MATERIAL PROVIDED —
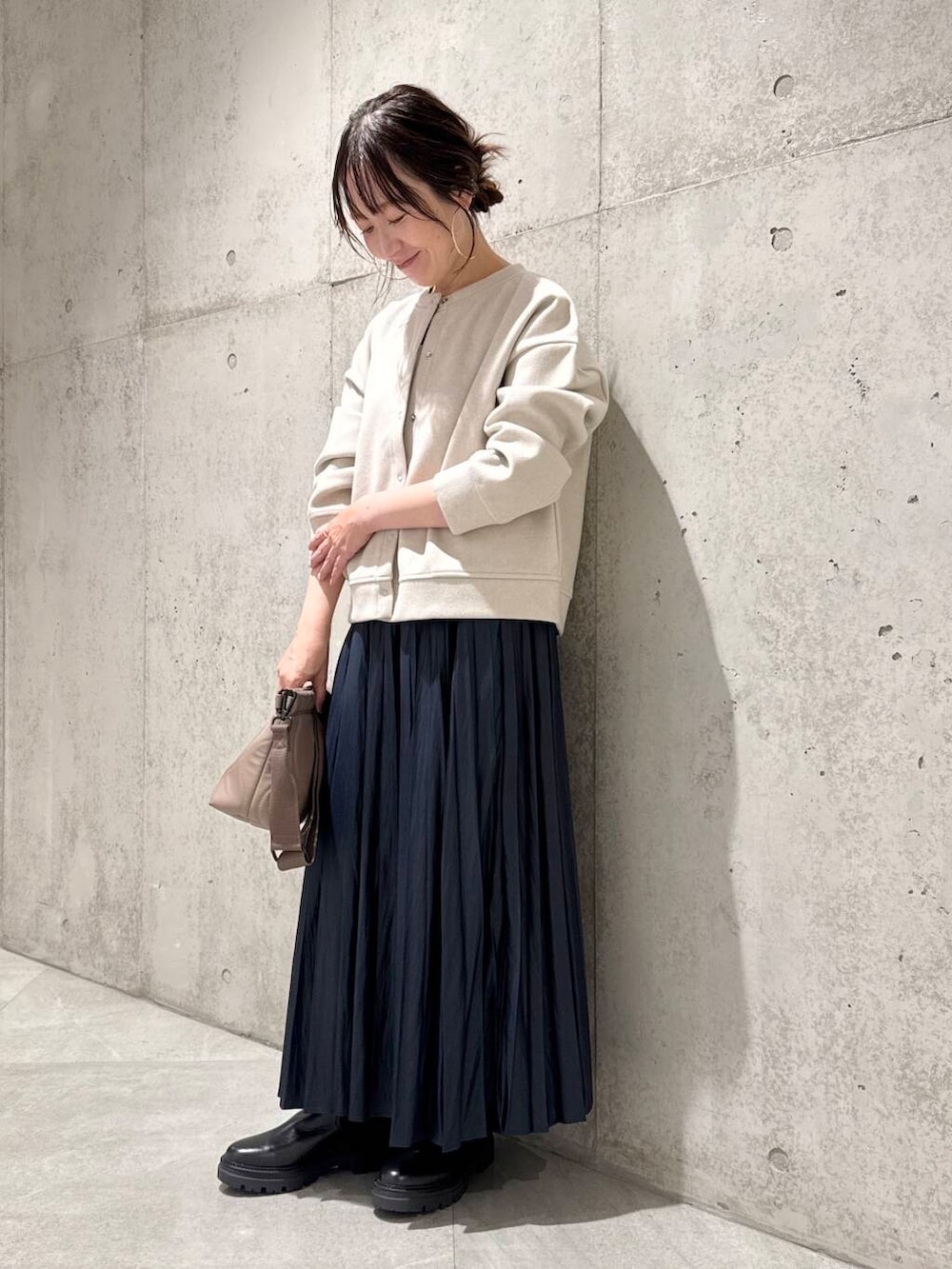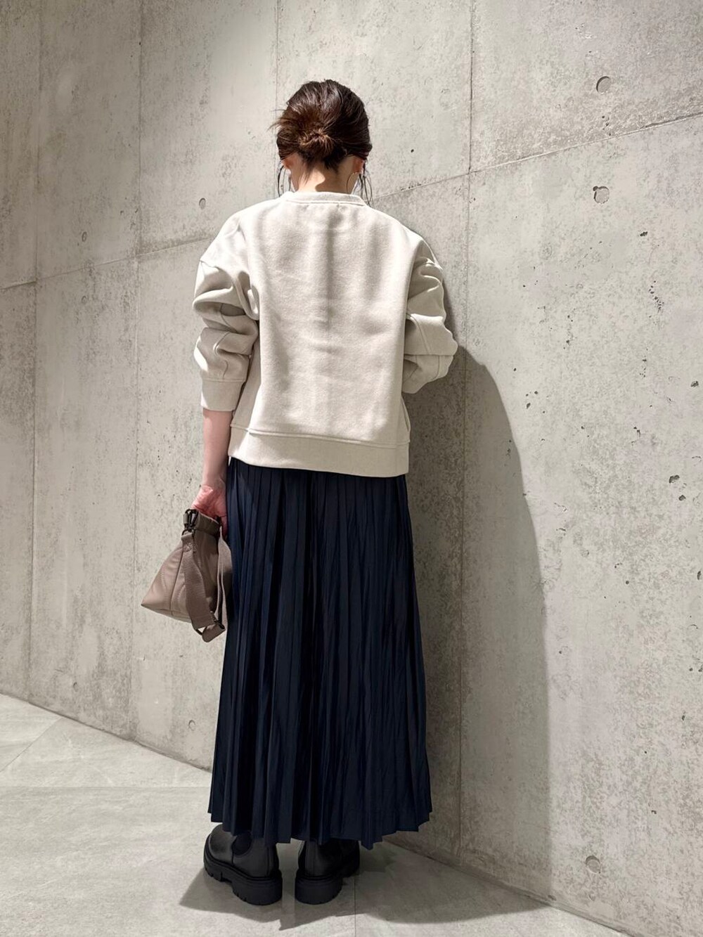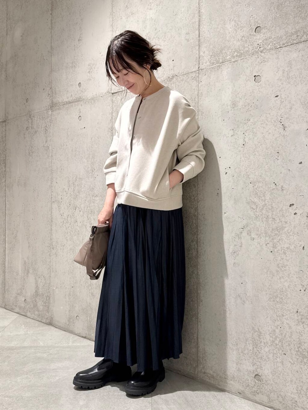 今回は、プリーツスカートで合わせて、きちんと感のあるコーディネートです。
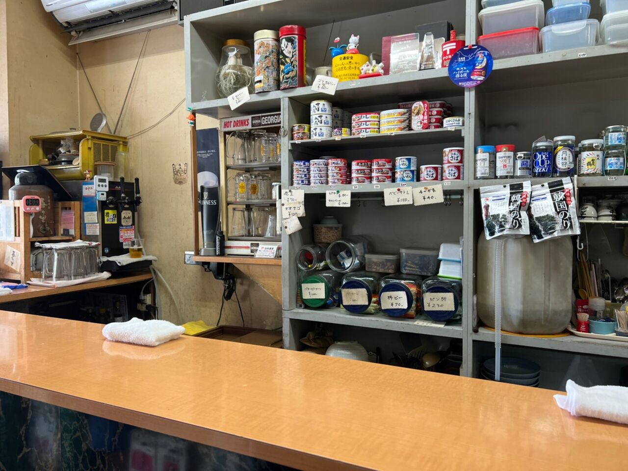 長いL字のカウンター、奥に見えるは魚の缶詰や柿ピーなどまさしく角打ち。
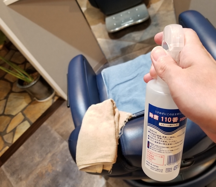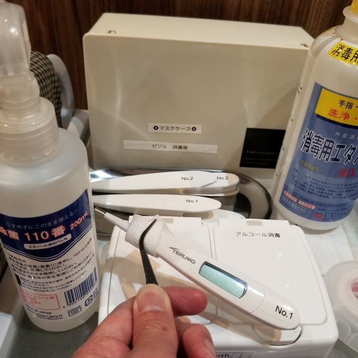・今月から、脇で測る体温計に変更させていただきました。お客様の前でアルコール消毒をしております。
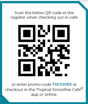 - Place an order online through the Tropical Smoothie Cafe app or online and use promo code TSCGIVES at checkout.

WORK TASK — Give back every line of the material above word for word, leaving out the pictures.

ANSWER TO THE PROBLEM —
 今回は、プリーツスカートで合わせて、きちんと感のあるコーディネートです。
 長いL字のカウンター、奥に見えるは魚の缶詰や柿ピーなどまさしく角打ち。
・今月から、脇で測る体温計に変更させていただきました。お客様の前でアルコール消毒をしております。
 - Place an order online through the Tropical Smoothie Cafe app or online and use promo code TSCGIVES at checkout.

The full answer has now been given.